Directions
Nothing but an exact copy is asked for: the lines in the material below from the one with "Пенал BRAUBERG, 2" through the one with "和農(nóng)牧業(yè)", pictures excluded.

Data for review
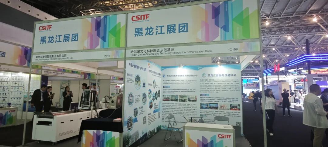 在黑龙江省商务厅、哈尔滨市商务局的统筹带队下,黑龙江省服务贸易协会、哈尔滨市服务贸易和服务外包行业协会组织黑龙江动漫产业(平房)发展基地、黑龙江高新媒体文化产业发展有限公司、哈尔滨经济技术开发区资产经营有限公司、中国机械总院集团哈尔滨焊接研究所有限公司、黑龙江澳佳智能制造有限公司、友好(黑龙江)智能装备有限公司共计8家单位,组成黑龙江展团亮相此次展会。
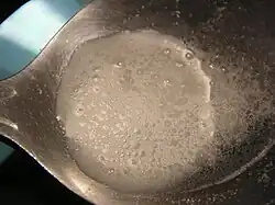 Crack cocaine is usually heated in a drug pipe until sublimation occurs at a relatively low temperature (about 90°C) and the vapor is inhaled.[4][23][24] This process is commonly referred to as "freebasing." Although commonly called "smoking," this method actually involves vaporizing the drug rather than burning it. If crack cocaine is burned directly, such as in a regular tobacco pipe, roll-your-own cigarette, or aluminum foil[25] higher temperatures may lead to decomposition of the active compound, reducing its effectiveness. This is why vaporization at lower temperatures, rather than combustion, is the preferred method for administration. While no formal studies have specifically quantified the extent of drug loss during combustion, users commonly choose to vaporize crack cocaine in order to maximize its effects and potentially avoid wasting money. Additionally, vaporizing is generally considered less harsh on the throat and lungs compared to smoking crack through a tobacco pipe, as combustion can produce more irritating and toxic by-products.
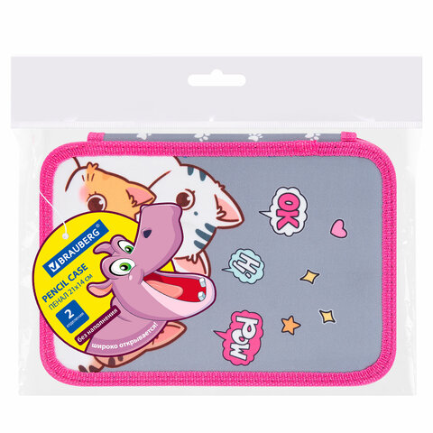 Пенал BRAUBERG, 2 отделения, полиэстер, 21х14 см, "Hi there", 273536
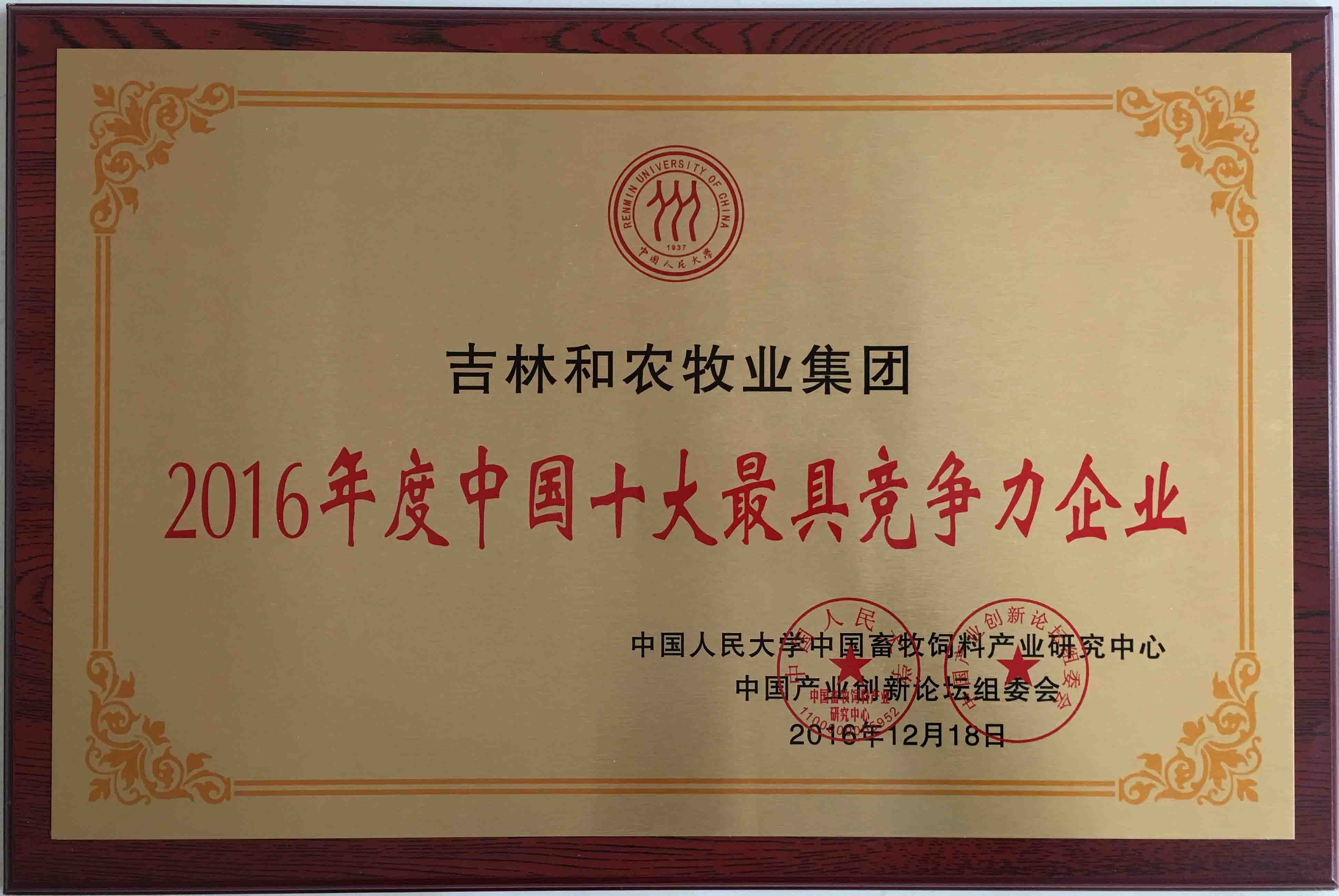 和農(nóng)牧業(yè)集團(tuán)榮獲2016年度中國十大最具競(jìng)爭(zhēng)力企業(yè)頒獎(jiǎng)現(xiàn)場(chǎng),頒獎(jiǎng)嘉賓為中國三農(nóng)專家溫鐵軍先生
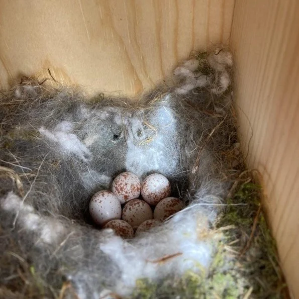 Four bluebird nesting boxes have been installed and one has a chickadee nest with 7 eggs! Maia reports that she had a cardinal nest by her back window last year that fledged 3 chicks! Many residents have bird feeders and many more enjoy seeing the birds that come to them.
--
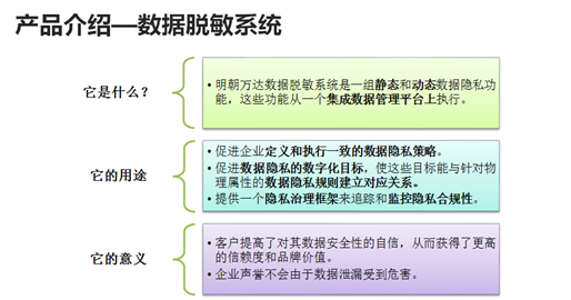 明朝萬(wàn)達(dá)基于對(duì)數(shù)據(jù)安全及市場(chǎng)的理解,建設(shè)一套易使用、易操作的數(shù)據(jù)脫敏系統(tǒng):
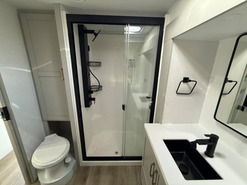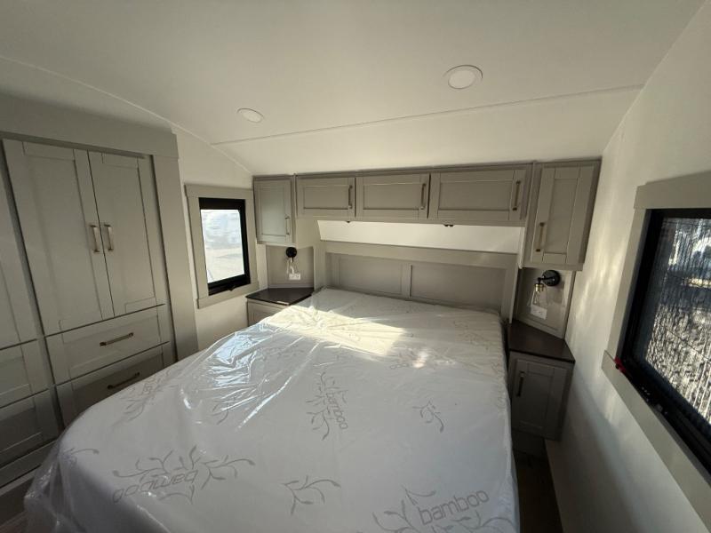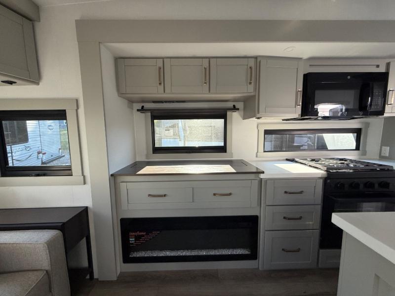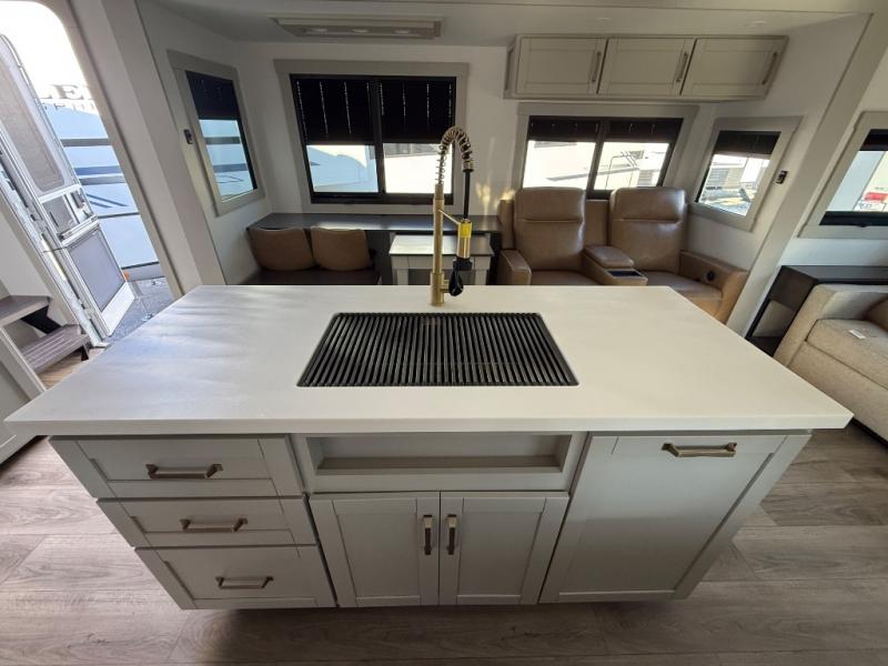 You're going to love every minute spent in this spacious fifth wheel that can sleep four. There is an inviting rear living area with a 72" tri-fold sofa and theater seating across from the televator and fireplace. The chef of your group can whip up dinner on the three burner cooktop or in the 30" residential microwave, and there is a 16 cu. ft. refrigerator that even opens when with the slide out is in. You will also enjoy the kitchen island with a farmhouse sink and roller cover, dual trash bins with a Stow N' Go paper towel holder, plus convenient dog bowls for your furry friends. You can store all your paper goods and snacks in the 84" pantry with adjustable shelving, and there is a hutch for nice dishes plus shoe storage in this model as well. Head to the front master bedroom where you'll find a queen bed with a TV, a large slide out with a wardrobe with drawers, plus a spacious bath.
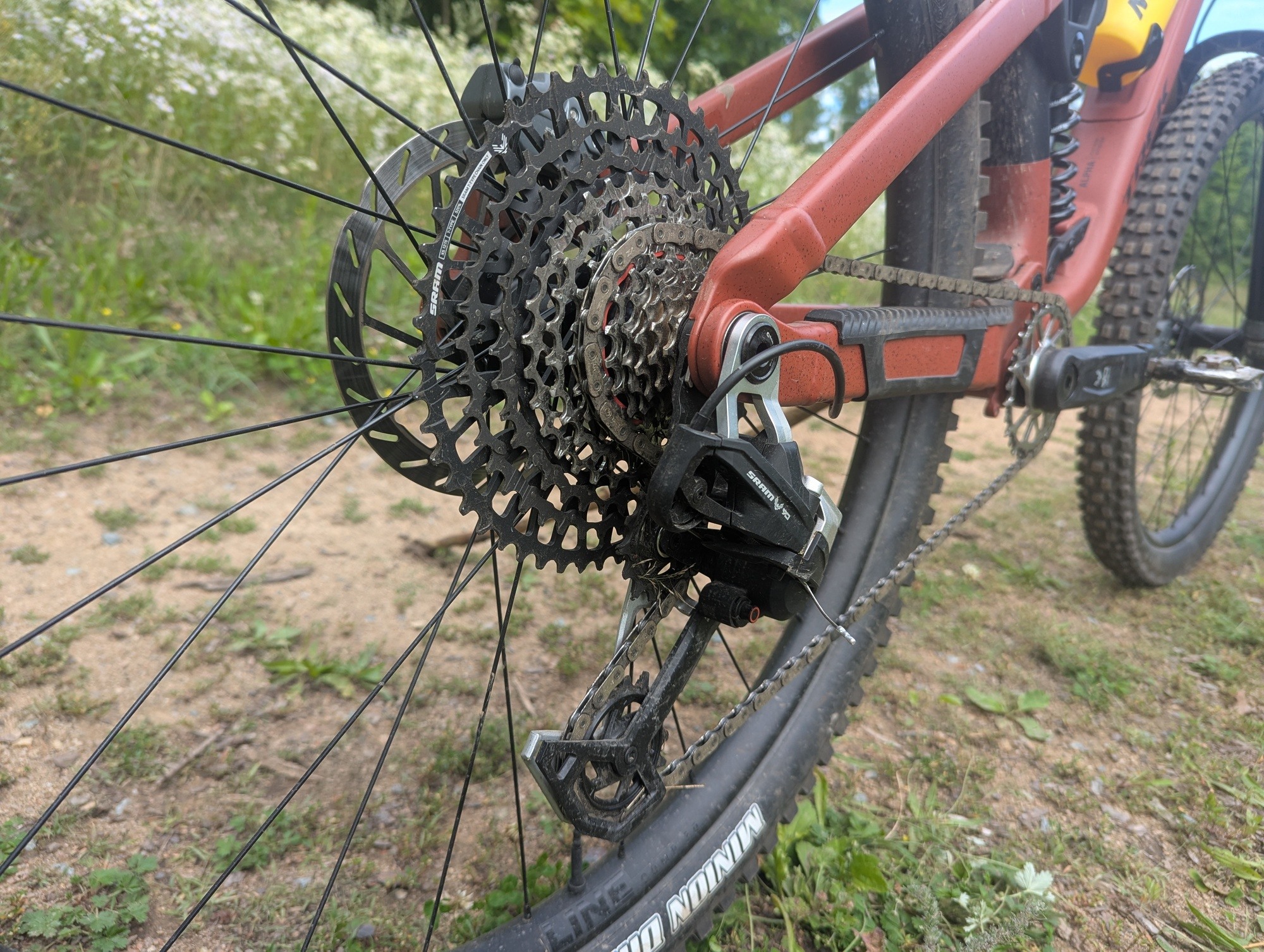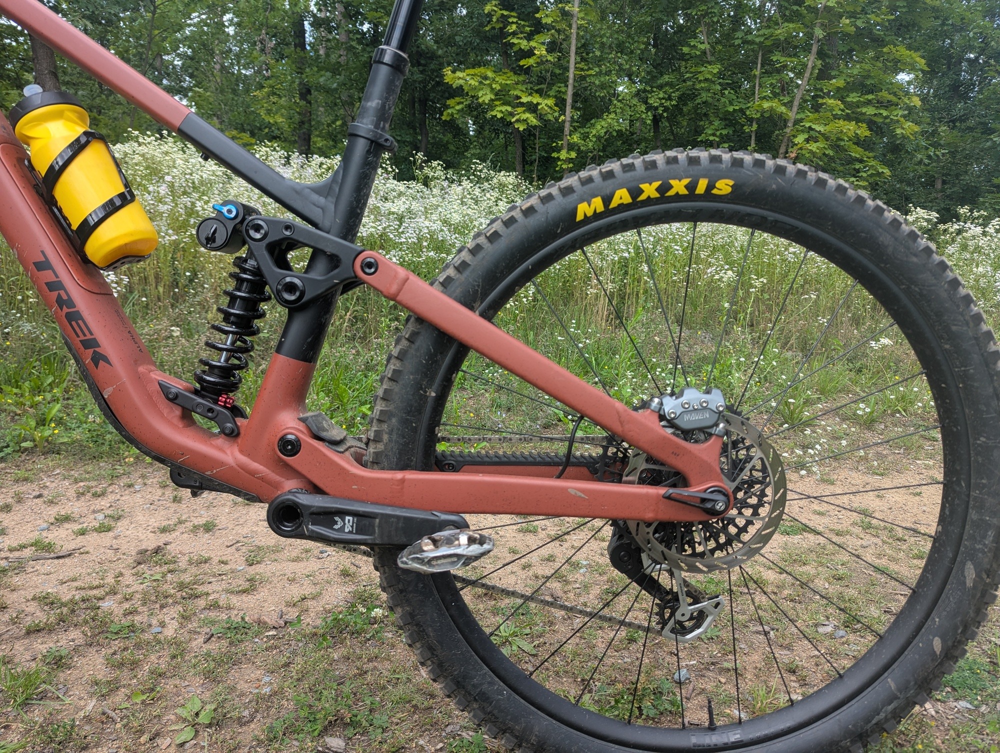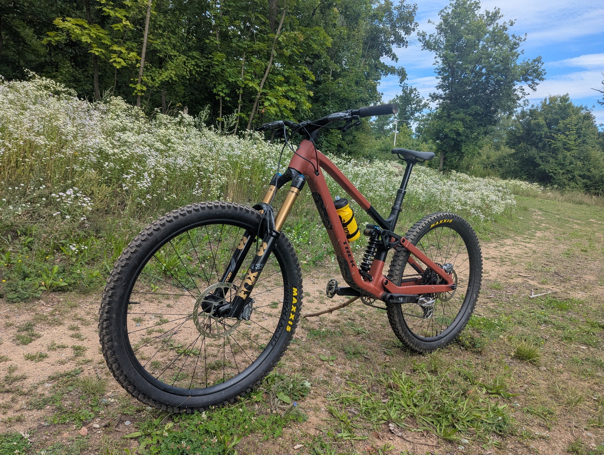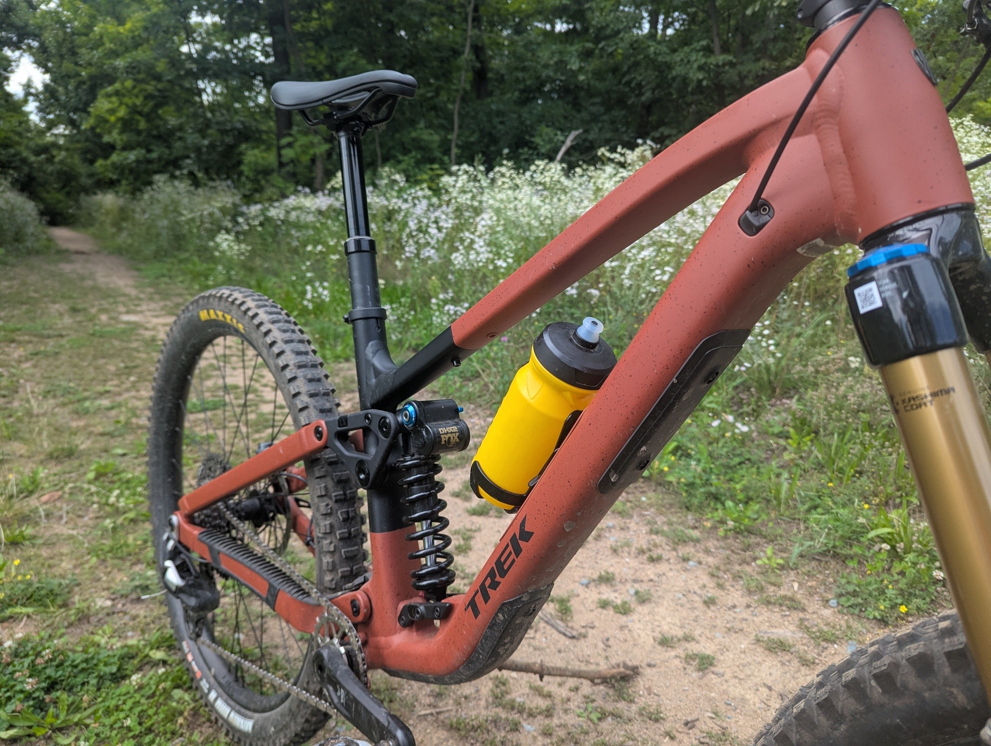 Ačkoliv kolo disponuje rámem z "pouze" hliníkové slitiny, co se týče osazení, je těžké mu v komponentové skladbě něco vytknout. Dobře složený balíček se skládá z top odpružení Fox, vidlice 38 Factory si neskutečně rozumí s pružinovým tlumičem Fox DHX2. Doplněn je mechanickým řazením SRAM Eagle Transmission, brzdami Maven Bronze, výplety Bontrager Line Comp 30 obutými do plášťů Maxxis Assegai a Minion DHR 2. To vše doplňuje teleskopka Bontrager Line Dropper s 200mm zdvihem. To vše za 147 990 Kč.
--
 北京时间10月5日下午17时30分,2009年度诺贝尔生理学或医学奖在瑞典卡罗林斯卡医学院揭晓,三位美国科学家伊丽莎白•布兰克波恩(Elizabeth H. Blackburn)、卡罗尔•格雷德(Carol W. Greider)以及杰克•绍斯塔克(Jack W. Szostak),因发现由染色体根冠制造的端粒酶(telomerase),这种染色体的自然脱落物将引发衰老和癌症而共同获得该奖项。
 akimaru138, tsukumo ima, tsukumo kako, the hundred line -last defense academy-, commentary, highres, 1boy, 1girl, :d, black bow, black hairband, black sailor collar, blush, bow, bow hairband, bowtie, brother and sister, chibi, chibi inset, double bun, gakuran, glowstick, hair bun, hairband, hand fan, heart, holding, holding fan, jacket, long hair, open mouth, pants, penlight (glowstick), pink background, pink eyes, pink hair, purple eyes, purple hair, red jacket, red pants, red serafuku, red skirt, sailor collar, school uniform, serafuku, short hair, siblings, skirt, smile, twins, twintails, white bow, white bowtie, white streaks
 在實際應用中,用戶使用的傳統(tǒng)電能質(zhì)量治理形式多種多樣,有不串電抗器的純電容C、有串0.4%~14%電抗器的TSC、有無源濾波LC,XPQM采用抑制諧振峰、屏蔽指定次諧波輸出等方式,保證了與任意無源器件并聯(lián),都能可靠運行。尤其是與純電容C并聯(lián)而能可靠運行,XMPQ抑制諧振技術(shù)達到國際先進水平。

Response below
 Пенал BRAUBERG, 2 отделения, полиэстер, 21х14 см, "Hi there", 273536
 和農(nóng)牧業(yè)集團(tuán)榮獲2016年度中國十大最具競(jìng)爭(zhēng)力企業(yè)頒獎(jiǎng)現(xiàn)場(chǎng),頒獎(jiǎng)嘉賓為中國三農(nóng)專家溫鐵軍先生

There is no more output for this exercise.